Just for fun, and since it had been such a long time, I ordered some 25 MHz crystals from Amazon and replaced one of the bad crystals. Just like that, one of the bad SI5351 boards worked just fine. So these boards can sometimes be repaired, but I don’t think that it’s worth the effort. Below is what a good crystal output looks like with all the distortion from being present in a circuit and being probed by the oscilloscope.

A light in the darkness

The SI5351 boards with a purple PCB and the CJMCU marking on the back are not the only supply available. The purple PCB is a clone of a design created by Adafruit. The Adafruit version is available through their website without free shipping or a few dollars more on Amazon. At first, I did not see the need to spend the extra money, but for just a couple of dollars more you can have a board that uses good quality parts and not parts that failed their quality inspection. I ordered two of the blue Adafruit branded SI5351 boards and they both work perfectly. I have settled on using the Etherkit SI5351 library in Arduino to get the Pi Pico to control the SI5351, as it has all the detailed functions I need to command the SI5351 properly. Below is what I was aiming for- two clock outputs at the same frequency but 90 degrees apart in phase. This can drive quadrature down conversion!

The first step of many

At this point, I don’t have much to show. Being the core of the radio, there isn’t any testing to do other than verify that the correct frequencies are being created at the right phase. In future parts, I will experiment with different configurations and tweak resistor and capacitor values to get everything working correctly.

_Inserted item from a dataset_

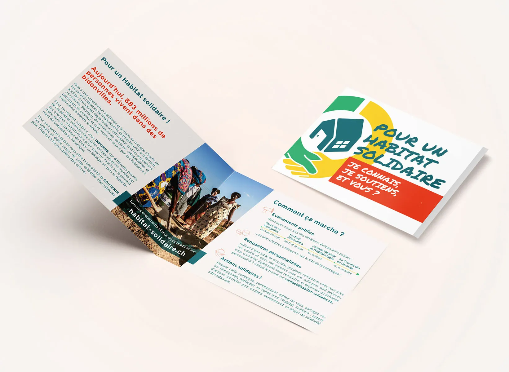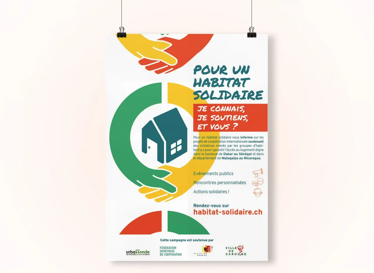 To raise awareness among the general public about the right to quality housing around the world, the “Genève Habitat Solidaire” campaign needed a strong visual identity and impactful communication materials. Bright colours and bold typography express the urgency of action. The logo, which represents hands united to create a thread of solidarity, can be adapted in different colours and even animated as a GIF for greater visibility.

Extra steps for higher performance

Right now, the SI5351 in OscarSDR is not calibrated. I am relying on the accuracy of the 25 MHz crystal to generate accurate frequencies. If I can get my hands on a good frequency reference, I will be able to calibrate the frequency reference and get a more accurate radio. The SI5351 also generates a clock signal which is a square wave, not a sine wave. A quick and dirty radio like OscarSDR can use the clock source as is, but a better radio would put a low pass filter on the VFO to make sure it is mixing a sine wave and not generating a bunch of spurious emissions.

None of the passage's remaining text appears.